Implement GeoWaveInputFormat for mapreduce #84

rfecher · 2014-10-15T12:58:44Z

This should be an intuitive abstraction on top of GeoWave with the value being the decoded/deserialized entry value and the key being data ID and adapter ID. It should also make the best attempt at providing a re-usable pattern for de-duplication.

geowave input format (issue #84)

chrisbennight · 2014-11-20T02:16:34Z

This looks good to me, unless there was something else I missed? Closing, re-open if I'm wrong

dlyle65535 · 2015-02-18T11:17:31Z

Small issue trying to compile against Apache Hadoop: userClassesTakesPrecedence isn't a method in JobContext. May be easiest to simply remove it, but I can get it from Configuration. Do you want me to open a separate issue or re-open this one?

chrisbennight · 2015-02-18T11:53:06Z

Which version of hadoop are you building against?

dlyle65535 · 2015-02-18T12:26:14Z

I've tried 2.6.0, 2.5.0 and 2.4.0. All fail with:

[ERROR] Failed to execute goal org.apache.maven.plugins:maven-compiler-plugin:2.3.2:compile (default-compile) on project geowave-accumulo: Compilation failure: Compilation failure:
[ERROR] /Users/dml/projects/geowave/geowave-accumulo/target/munged/main/mil/nga/giat/geowave/accumulo/mapreduce/NativeReduceContext.java:[203,24] error: cannot find symbol
[ERROR]
[ERROR] KEYIN extends Object declared in class NativeReduceContext
[ERROR] VALUEIN extends Object declared in class NativeReduceContext
[ERROR] /Users/dml/projects/geowave/geowave-accumulo/target/munged/main/mil/nga/giat/geowave/accumulo/mapreduce/NativeReduceContext.java:[201,1] error: method does not override or implement a method from a supertype
[ERROR] /Users/dml/projects/geowave/geowave-accumulo/target/munged/main/mil/nga/giat/geowave/accumulo/mapreduce/NativeMapContext.java:[193,16] error: cannot find symbol
[ERROR]
[ERROR] KEYIN extends Object declared in class NativeMapContext
[ERROR] VALUEIN extends Object declared in class NativeMapContext
[ERROR] /Users/dml/projects/geowave/geowave-accumulo/target/munged/main/mil/nga/giat/geowave/accumulo/mapreduce/NativeMapContext.java:[191,1] error: method does not override or implement a method from a supertype
[ERROR] -> [Help 1]

Looks as if there was some churn in the Mapreduce V2 api. The NativeMap(Reduce)Context classes override the userClassesTakesPrecedence method by calling the method from the Map(Reduce)Context class. Those methods aren't in Apache Hadoop.
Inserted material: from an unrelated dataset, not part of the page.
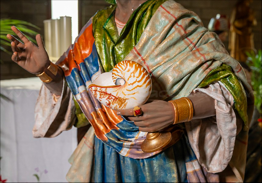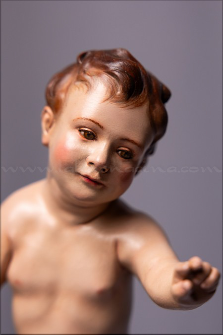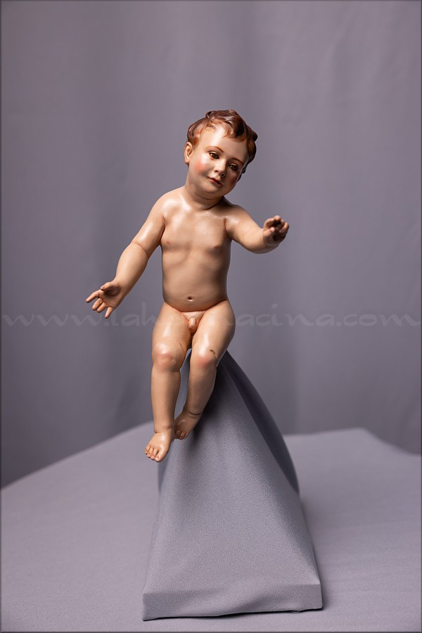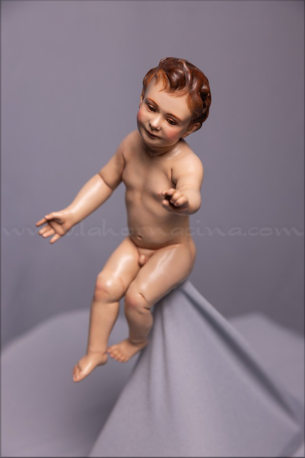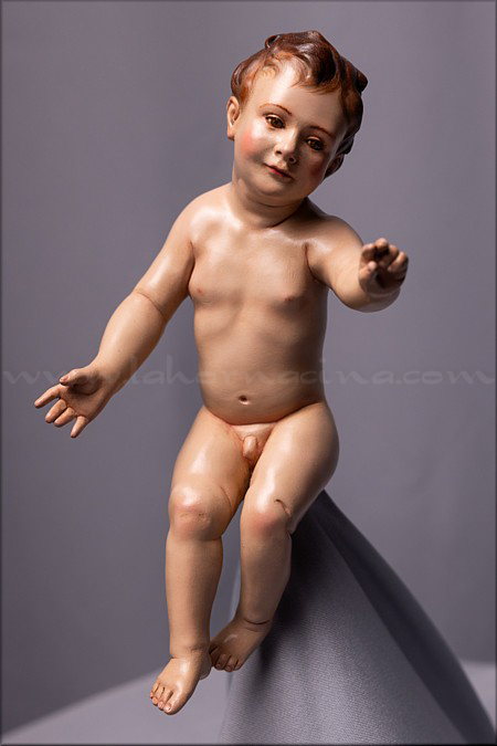 Alejandro Paneque Niño Jesús modelado en terracota policromada al óleo, obra de dimensiones muy reducidas (mide tan solo 20 cm de altura) para una colección particular. El escultor e imaginero malagueño lo ha representado sedente y completamente desnudo, con gesto sonriente y la mano izquierda extendida hacia los fieles. Fotos: Luis Manuel Gómez Pozo. |

rfecher · 2015-02-18T12:40:45Z

Thanks, that is confirmed based on this list of changes: http://doc.mapr.com/display/MapR/Recompiling+MapReduce+V1+Applications

JobContext removed userClassesTakesPrecedence. But our default compilation at this time is against hadoop 2.5.0 (cdh5.2.0)...maybe we should start using the vanilla Hadoop dependencies rather than the cloudera distribution?

dlyle65535 · 2015-02-18T16:38:41Z

I went ahead and submitted a pull request: #240, I did have a test failure building geowave-test, but I have the same test on master, so I'm thinking it could be my environment. Curious to hear what you think.

chrisbennight · 2015-02-18T17:11:15Z

We definitely want it to work with native apache hadoop distros (will probably swap the default over shortly as part of a push to get on maven central) - looks like maybe cloudera backported that method.
Probably need to add those versions to the build matrix as well to catch issues like this in the future.

Looks like there is some wierdness with the pull requests, profiles, and the way we were setting the travis build matrix. I'll run it down after lunch if the latest build doesn't fix it.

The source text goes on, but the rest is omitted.